燈台守は青年が送る視線の先に気づいて、カムパネルラとジョバンニにもリンゴを配りました。しかし、二人は苹果を食べることはありませんでした。

二人はりんごを大切にポケットにしまひました。

ここで汽車内のリンゴをめぐる動きを表にしてみます。

リンゴをめぐる動き
移行対象第2次稿第3・4次稿
リンゴを取り出した人一番大きい姉燈台守
きょうだいの構成一番大きい姉
カムパネルラのとなりの女の子
いちばんちいさな女の子
男の子

かほると呼ばれた女の子

男の子
リンゴが配られた人青年一行


青年一行
カムパネルラ
ジョバンニ

第2次稿で一番大きな姉がどこからか取り出したリンゴは「えゝ、さっきから持ってゐたわ。みんなで五つあるのよ。」という台詞から全部で5個です。では、第3次稿では何個のリンゴが配られたのでしょうか。面白いことにやはり5個なのです。賢治はリンゴの数を増やさずに対象を広げています。うまいなあ。

それは長姉と三女のリンゴがカムパネルラとジョバンニに移ったわけで、汽車の中のリンゴに変化は起こりませんでした。しかし、変わったこともあります。第2次稿ではリンゴはすべて食べられたのに、第3次稿以降は食べられずに残ったリンゴが二人の少年のポケットへと隠されたのです。

賢治は当初から二人にリンゴを食べさせる気はなかったようです。推敲によって余ってしまったリンゴの行き先としてちょうど良かっただけかもしれませんが、賢治の筆はもう少し丁寧です。このリンゴは燈台守によって最初から配られたわけではなく、青年と燈台守ふたりの心くばりからまわってきたリンゴとして描かれています。

青年の気遣いに気づいた燈台守の心遣いという、心くばりのリレーによってまわってきたリンゴでした。その想いは二人の少年にも伝わったはずです。それが「大切にポケットにしまひました」という表現に示されています。しかし、二人の少年にはここでムシャムシャとリンゴをかじることができない事情がありました。

ジョバンニはもちろんカムパネルラにもまだ憩いの時は訪れていませんでした。鳥捕りから「あなた方は、どちらへ入らっしゃるんですか」とか、「ぜんたいあなた方は、どちらからおいでですか」と尋ねられても答えられなかった二人です。

ジョバンニはなぜ汽車に乗っているのかもわからず、カムパネルラは自分の死を自覚しながらも、その死の意味を理解することができず、目的地もわかりませんでした。そんなふうに二人だけは特異な場所に立っていました。それはちょうどこんな場面で象徴できます。

先生がまた云ひました。
「大きな望遠鏡で銀河をよっく調べると銀河は大体何でせう。」
 やっぱり星だとジョバンニは思ひましたがこんどもすぐに答えへることができませんでした。
先生はしばらく困ったやうすでしたが、眼をカムパネルラの方へ向けて、「ではカムパネルラさん。」と名指しました。するとあんなに元気に手をあげたカムパネルラが、やはりもじもじ立ち上ったまゝやはり答へができませんでした。

「午后の授業」のシーンです。ここでは先生が鳥捕りと重なることになるでしょう。教室での場面を再現するかのような汽車の中の二人。こんな二人にはまだリンゴを食べる時機が訪れていないのでした。

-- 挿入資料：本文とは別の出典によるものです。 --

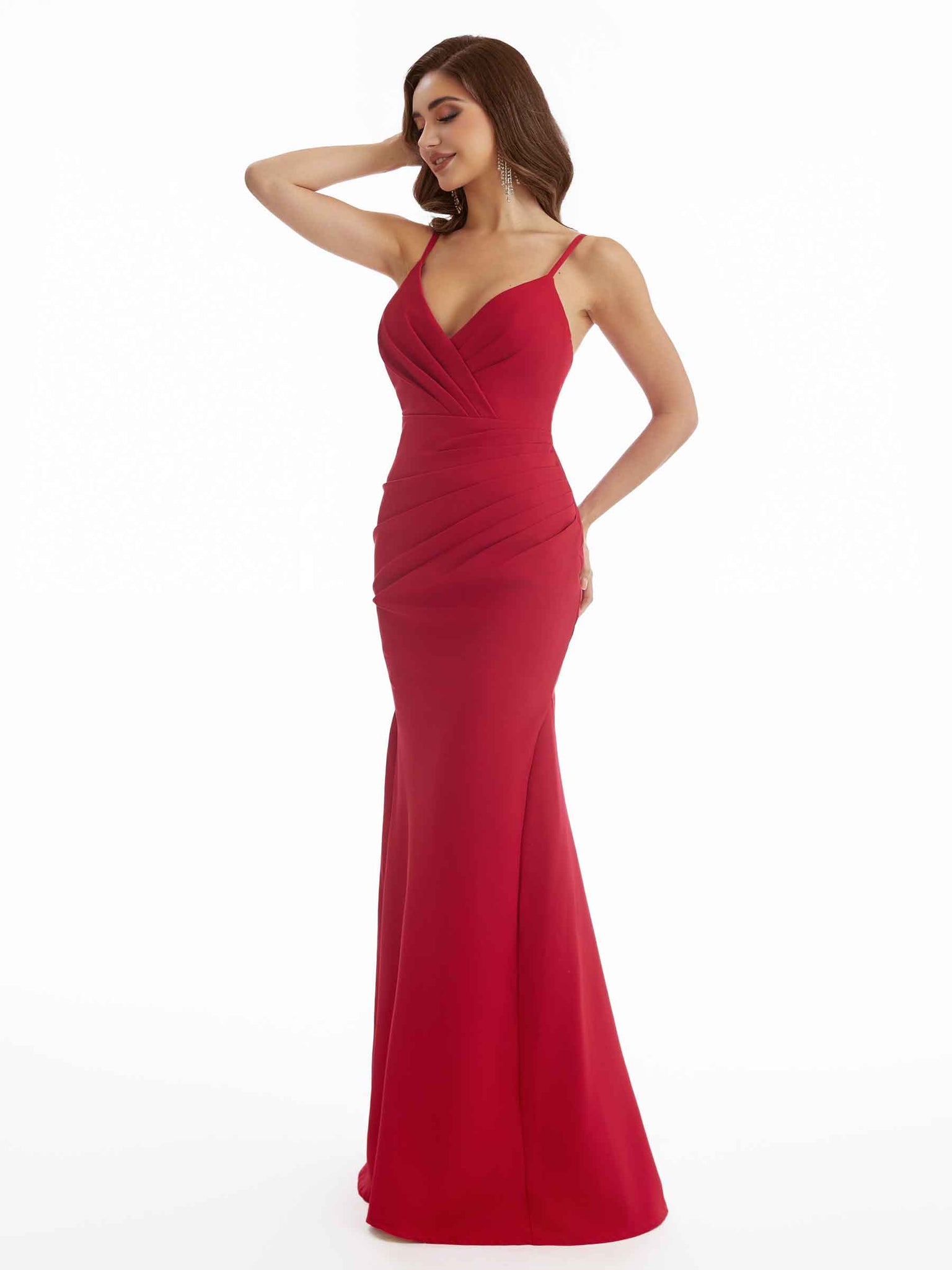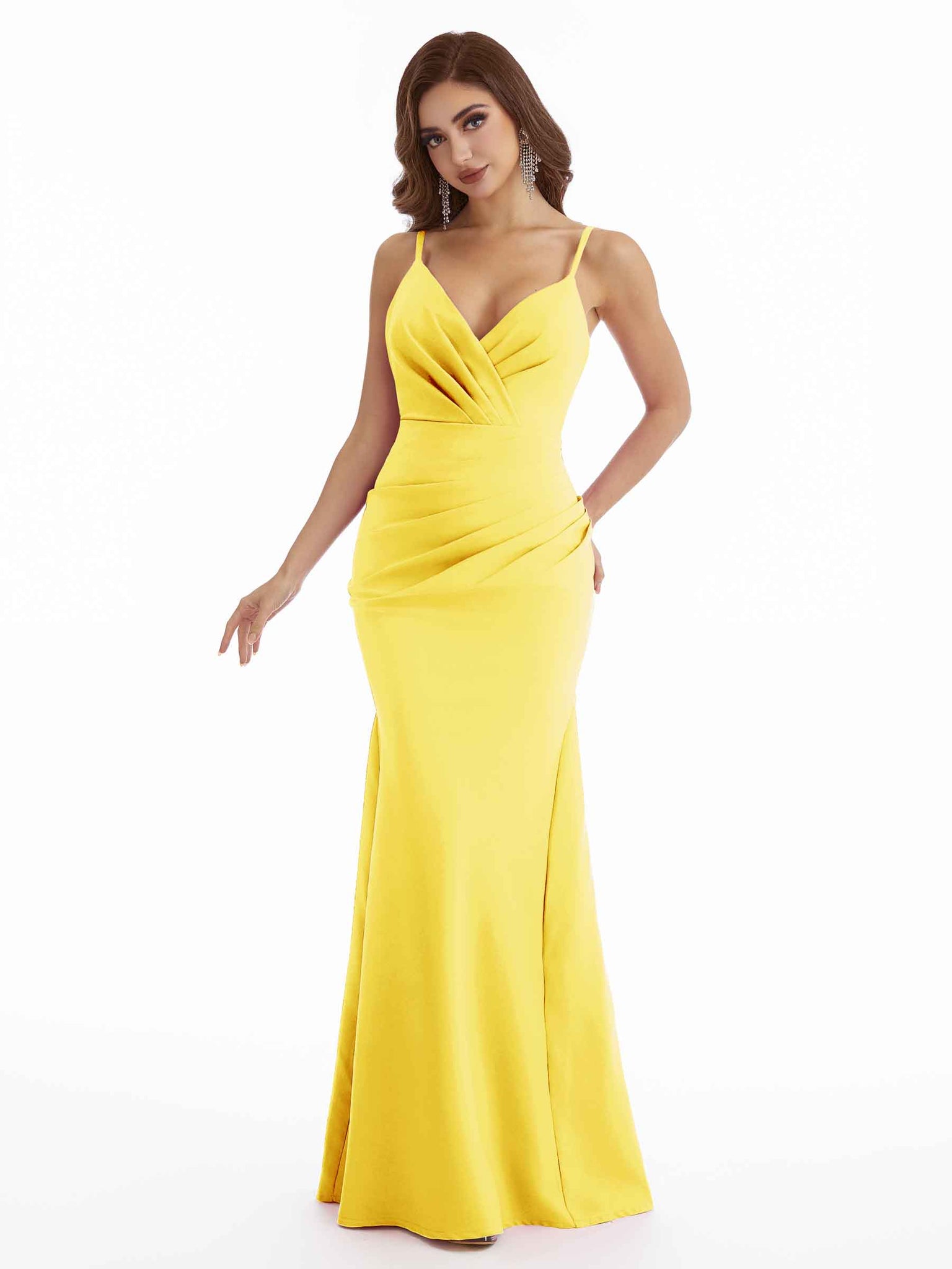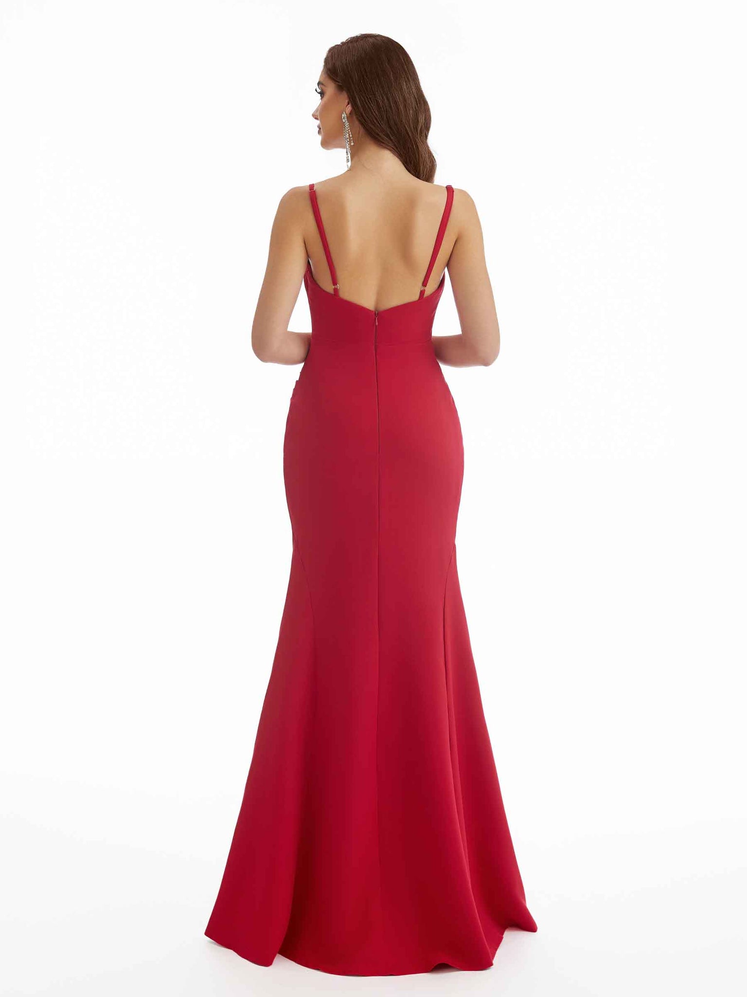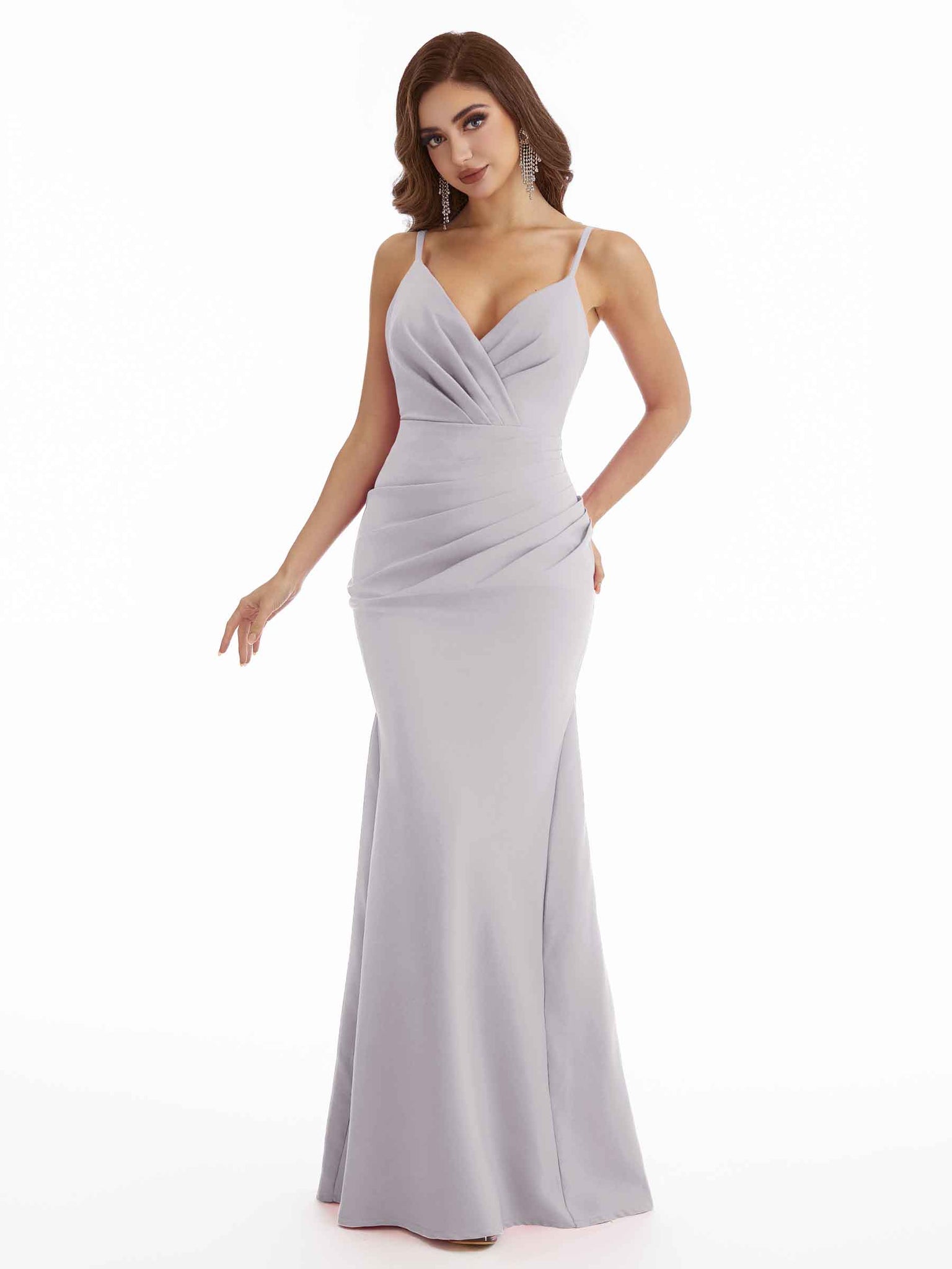 V-Neck Sexy Spaghetti Straps Mermaid Stretch Crepe Floor Length Bridesmaid Dresses
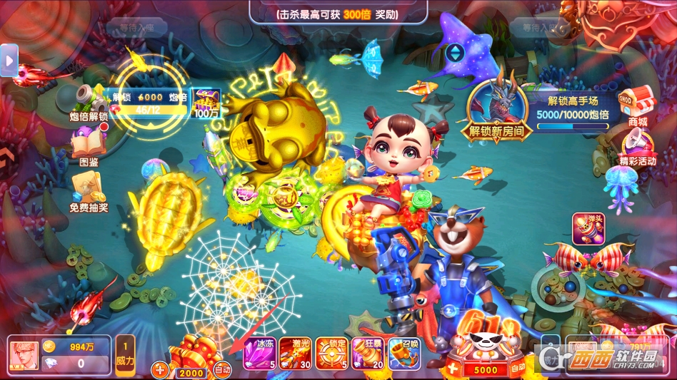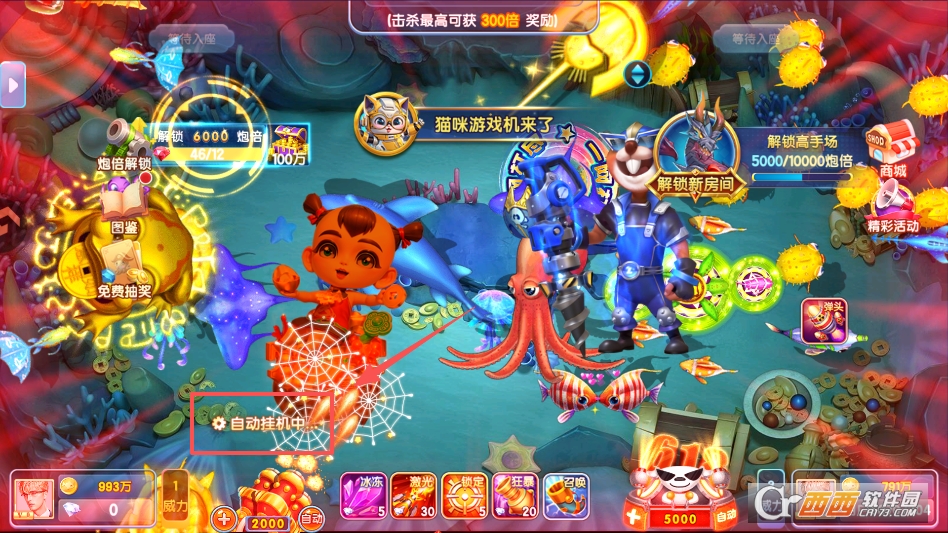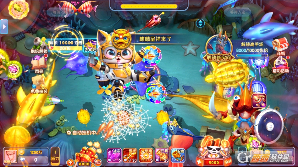 利用免费升级的高阶炮台,射程与威力更强,打鱼更轻松。
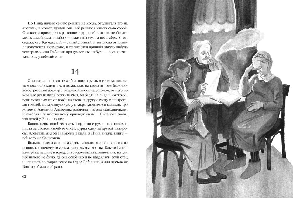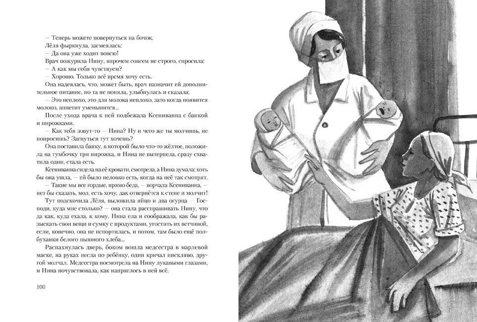 Handling time: 24 days Идёт 1941 год. Студентка Нина Нечаева, ожидающая ребёнка, прощается с супругом и отправляется в эвакуацию в Ташкент. Ей, дочери генерала, не знавшей лишений, суждено увидеть и узнать войну настоящую, спутники которой — страшный голод и холод, расставания, потери и предательства. Не раз смерть заглядывала в глаза Нине, но девушка боролась — не ради себя, а ради сына. Её судьба, судьба её семьи — яркое отражение истории нашей страны. И роман Марии Васильевны Глушко повествует о том, как из малого складывается идеал материнства и что значат в нашей жизни самопожертвование и сострадание. В иллюстрациях Елизаветы Бухаловой оживает образ Нины Нечаевой, тихой молодой женщины, которая прошла через множество испытаний и сумела сохранить в себе добрый свет — чтобы было чем жить дальше.
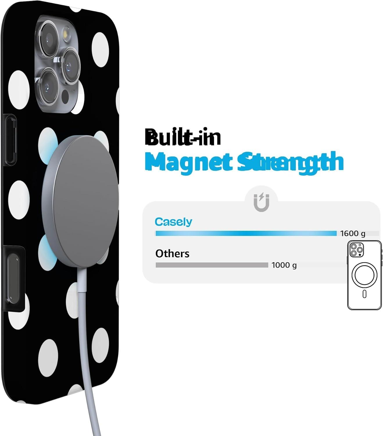 Casely iPhone 16 Pro Case | Moody Monochrome | Twilight Flora | Compatible with MagSafe | Classic Ultra Thin Design(High Contrast | Black Polka Dot)
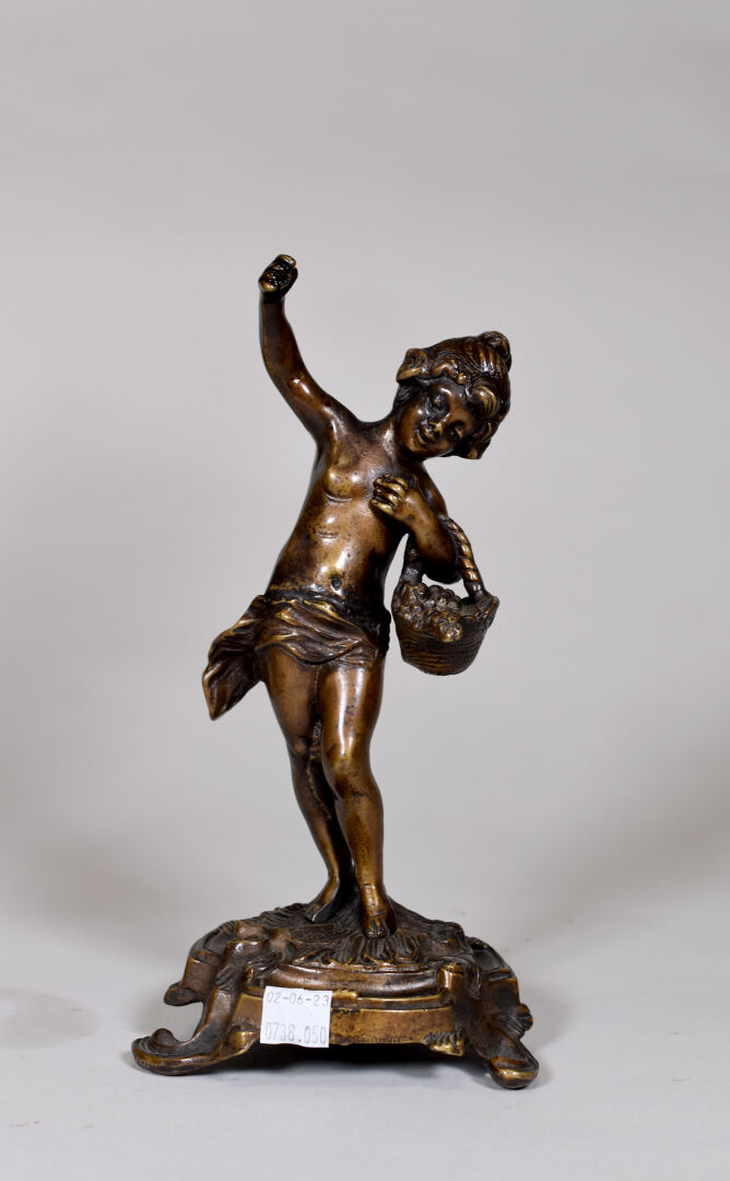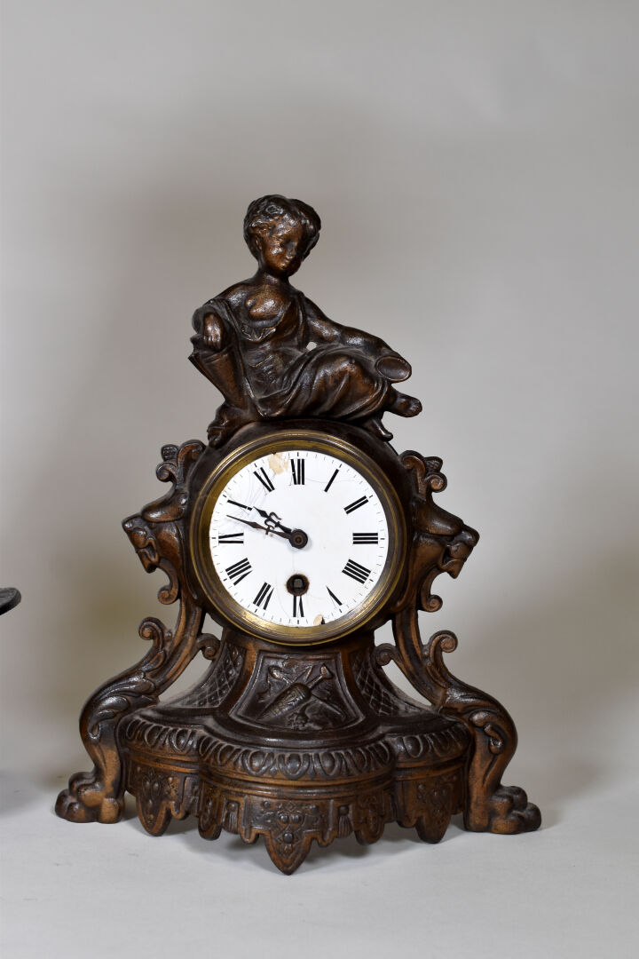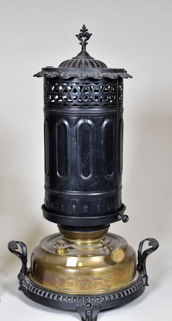 Ensemble soit poêle à pétrôle RUBIS en métal (Haut. : 59 cm), un régule représentant un faucheur à socle de bois (Haut. : 38 cm) , une pendule en métal (accident au cadran) et un bronze figurant une jeune fille tenant un panier de fruits.
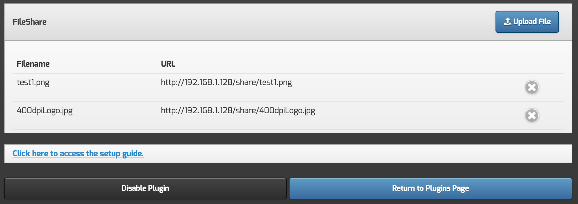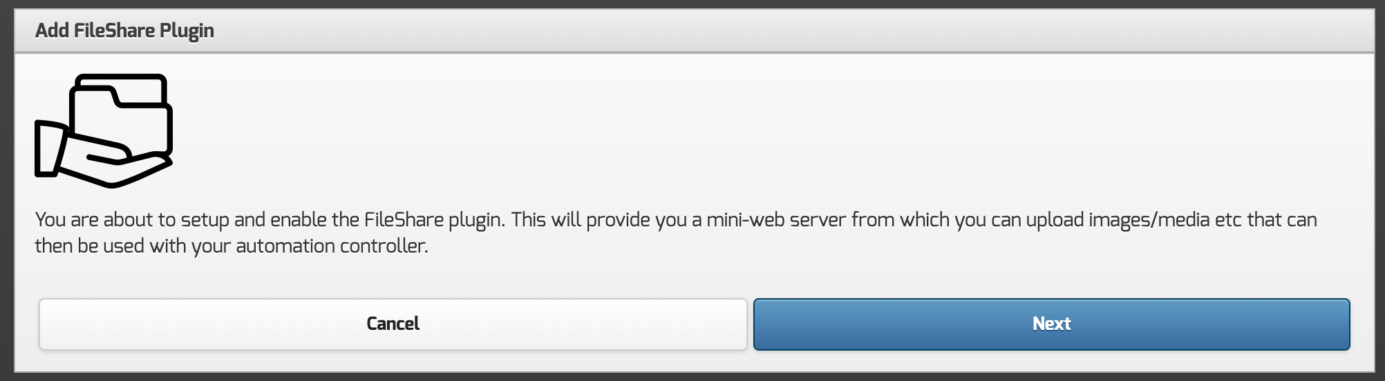 Step 1 - Click on the Add button under the FileShare icon on the plugins page.
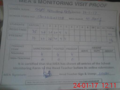 | EMIS Code: 36430383 | Name of School: GGPS NAWAB KHICHI, TULAMBA | |||
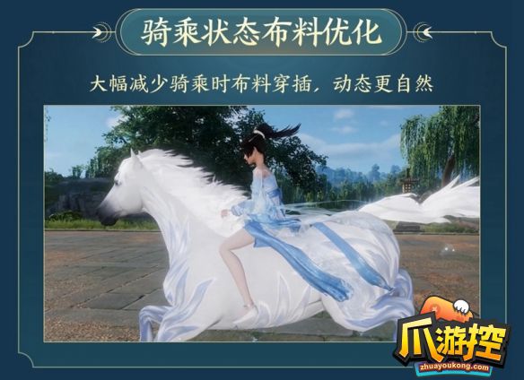 另外,骑马时的布料效果也得到了优化,大大减少了骑马时出现布料穿插的尴尬情况。后续,不论是骑马待机、行走、跑动,骑行的侠士衣着布料表现都会更符合动力学,且层次也更拟真,减少违和感。
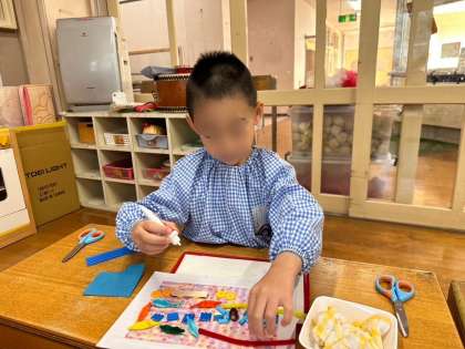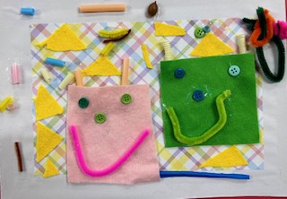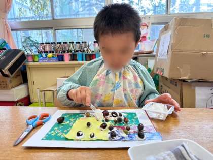 切ったり、モールを曲げたり、素材と素材を組み合わせながら「こうしたらうさぎにみえる!」「かわいくできた!」と完成した作品を友達と見せ合いながらつくることを楽しんでいました。

この場面の後、ジョバンニのリンゴは皮だけでなくまるごと蒸発してしまったかのように登場してきません。第3次稿で、帰途に着いたジョバンニのポケットには明らかにリンゴはなく、代わりに金貨が入っていることが判明します。それはブルカニロ博士からの贈り物でした。催眠実験(夢)であって、銀河旅行は事実ではないという考えがあったためにリンゴはそもそも存在していなかったと考えることもできます。

第4次稿では銀河旅行から帰ってきた後に牛乳屋や河原の場面が入り込んできたためにまた事情が異なります。賢治は「たったいま夢であるいた天の川」と記しますが、その一方でジョバンニは夢とは思っていないことが示唆されます。

ジョバンニはそのカムパネルラはもうあの銀河のはづれにしかゐないといふやうな気がしてしかたなかったのです。
(中略)
ジョバンニは思はずかけよって博士の前に立って、ぼくはカムパネルラの行った方を知ってゐますぼくはカムパネルラといっしょに歩いてゐたのですと云はうとしましたがもうのどがつまって何とも云へませんでした。

それにもかかわらずジョバンニのポケットにリンゴがはいっていた気配はありませんでした。すでに二人がポケットにリンゴをしまった時点で、賢治の頭からはリンゴは蒸発してしまったという気がします。もうその時点ではリンゴの役目は終わったのでしょう。逆に言えば、燈台守とリンゴの場面にこそリンゴの役割があったということになります。

第2次稿ではジョバンニがカムパネルラへの嫉妬とともに青リンゴに憧れたり、汽車の中で青年一行が憩いのリンゴを食べたりしました。リンゴの役割は他の作品に現れたリンゴと同様にあまり広がりはありませんでした。しかし第3次稿になると、他者に与える癒やしのリンゴとなって現れます。リンゴをめぐって汽車の中で心が通い合う場面が生まれました。

『銀河鉄道の夜』という作品が何度も推敲される中で、ジョバンニやカムパネルラがそれぞれに精神的な深まりをみせていったように、リンゴも磨かれて輝きを増していったと言っていいようです。

リンゴの花蓮の華

晩年まで手入れした『銀河鉄道の夜』において、賢治はそれまでは美しいけれどただのリンゴであった物体を他者のこころが慰められるような蓮華の慈悲として昇華させたように思います。リンゴのきれいな皮が昇華してしまうという表現はそれをなぞっているかのようです。

剥いたそのきれいな皮も、くるくるコルク抜きのやうな形になって床へ落ちるまでの間にはすうっと灰いろに光って蒸発してしまふのでした。

銀河の旅の終わりで、カムパネルラの眼に浮かんだ「きれいな涙」もきっとそんなふうに消えていったのです。